With node voltage analysis I calculated the voltage at the right hand node and then just subtract for voltage drop over the top resistor.

In mesh analysis I'm not sure how to proceed.
 

WBahn

Joined Mar 31, 2012
29,979
The problem is that your mesh equations are not correct.

It's important to realize that all of the physics (i.e., the "EE stuff") is captured by those equations. Everything after that is just math. If those equations aren't right, everything that follows is wasted effort. Worse, it is very difficult to catch errors after that because you are simply solving a different problem.

So get in the habit of getting your setup equations in place and then, before you do anything else, vet them carefully. Go through term by term asking if each part of it is correct, including the signs.

Do that and you should find your two errors.
 

Thread Starter

hBryne

Joined Nov 18, 2020
6
The problem is that your mesh equations are not correct.

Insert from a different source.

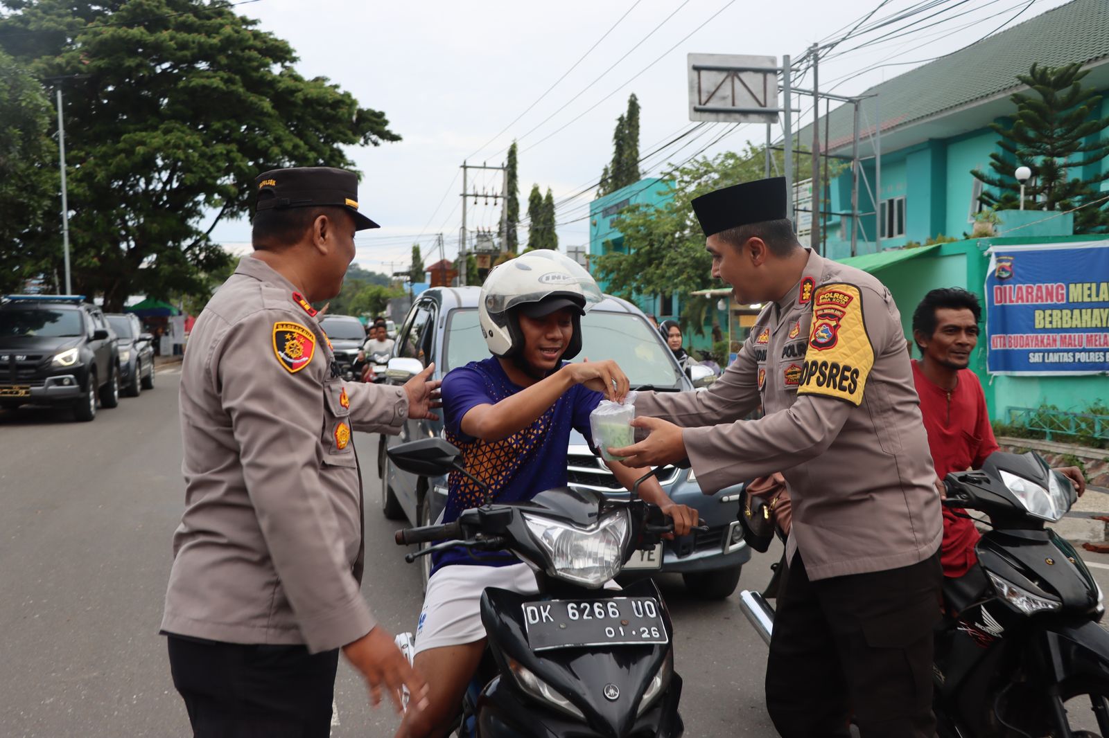 Kota Bima, NTB (10 Maret 2025) – Dalam semangat berbagi di bulan suci Ramadan, Polres Bima Kota menggelar kegiatan pembagian takjil bagi masyarakat di Jalan Gajah Mada, depan Kantor Pos Kota Bima. Kegiatan ini dipimpin langsung oleh Kapolres Bima Kota, AKBP Didik Putra Kuncoro, S.I.K., M.Si., dan turut dihadiri oleh Ketua Bhayangkari Cabang Bima Kota, Ibu Mira Didik.

It's important to realize that all of the physics (i.e., the "EE stuff") is captured by those equations. Everything after that is just math. If those equations aren't right, everything that follows is wasted effort. Worse, it is very difficult to catch errors after that because you are simply solving a different problem.

So get in the habit of getting your setup equations in place and then, before you do anything else, vet them carefully. Go through term by term asking if each part of it is correct, including the signs.

Do that and you should find your two errors.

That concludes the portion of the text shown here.